After her Rachmaninoff set, she played a Scriabin sonata, his last, No. 10, Op. 70. Horowitz taught us this piece, many years ago. Let me lodge a complaint about Wang’s piano, i.e., her soft playing. Often, it’s soft to a fault. I would like more a carrying piano, and a piano with body. In the sonata, Wang was guilty of a certain monotony of tone. Also, when Horowitz played it—this is an unfair remark, surely—there was an undercurrent of craziness. I missed this in Wang’s account.

But, Yuja being Yuja, she did some marvelous things. For example, she is a great triller—one of the results of her wet spaghetti (for tightness is a trill-killer).

At some point in the sonata, there was a disturbance in the audience. A cellphone went off, playing bird chirps and the like. It went on for a while. This was an eerie accompaniment to an already-eerie piece.

Before the next piece began, a Carnegie Hall stagehand came out, to prepare the piano. One thing he did was put up the rack and place music on it (in the form of a computer notebook). I was thinking: “Is this stagehand the richest person in the hall, apart from a Henry Kravis or two?”

Wang played three études of György Ligeti, a composer who is right up her alley. He requires nimbleness, finesse, which she has in spades. The liquid quality of her playing is, again, incredible.

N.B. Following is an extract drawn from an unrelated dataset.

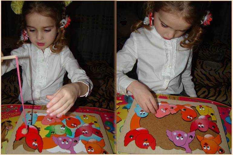 3) Ещё на том же сайте покупала интересные пазлы, соединенные с магнитной рыбалкой. Очень качественная игрушка, производитель "Крона". Сначала нужно поймать всех птичек, а потом по образцу нужно расставить птичек по местам. К игрушке прилагается черно- белая карточка, на которой показано, где должны располагаться все птички. Мы эту карточку раскрасили и теперь играем: и для моторики хорошо и в тоже время задание на внимательность.

Okay, brace yourself for another sartorial note. For the second half of the program, Wang shed her Jeannie-stripper number for a short-short, up-to-here green number.

And she played a Prokofiev sonata, No. 8 in B flat, Op. 84. Let me complain once more about her piano: it was too mousey to be a genuine piano. But Wang played the first movement intelligently and logically. And beautifully. She was dreamy, as she worked the composer’s chromaticism. She brought out the melody in the left hand impressively. And this most fluid of pianists can summon some Prokofievian percussiveness when she wants to.

Incidentally, you hear Cinderella throughout the first movement of this sonata. Google tells me that Prokofiev was working on that ballet at about the same time.

Wang was dreamy in the first movement, but the second movement is actually marked that way: Andante sognando (a dreaming andante). From Wang, the music was a song, inward. In the last movement, Vivace, I would have liked more of a madcap joy. The playing was a little plain for me. But, in the final pages, Wang was utterly committed, and passionate, and she deserved the roars that followed.

Then came the “second concert,” to borrow an old phrase: a slew of encores. Wang played her usual. Outstanding was the Horowitz Carmen Variations. It had more flair and accuracy than ever, and Wang knew it: she broke into a big smile afterward (not necessarily characteristic). “Tea for Two,” in the Art Tatum version, was never better. It really swung, from this Chinese woman. No one can tell me that music isn’t universal (or that the essentials of man aren’t).

The Precipitato from Prokofiev’s Sonata No. 7 was crazy-fast, far too fast—and yet undeniably exciting. With Mozart’s Rondo alla turca, Wang does something interesting: she combines the Fazil Say arrangement (jazzy) with the Arcadi Volodos arrangement (magisterial). Last night, she absolutely slew it.

She ended the evening with Liszt’s transcription of Schubert’s “Gretchen” (at her spinning wheel), and I thought of a phrase from Gypsy: “Sing out, Louise!” Louise was too reticent. But what a pianist, what a phenomenon, Yuja Wang is. We are lucky she came along.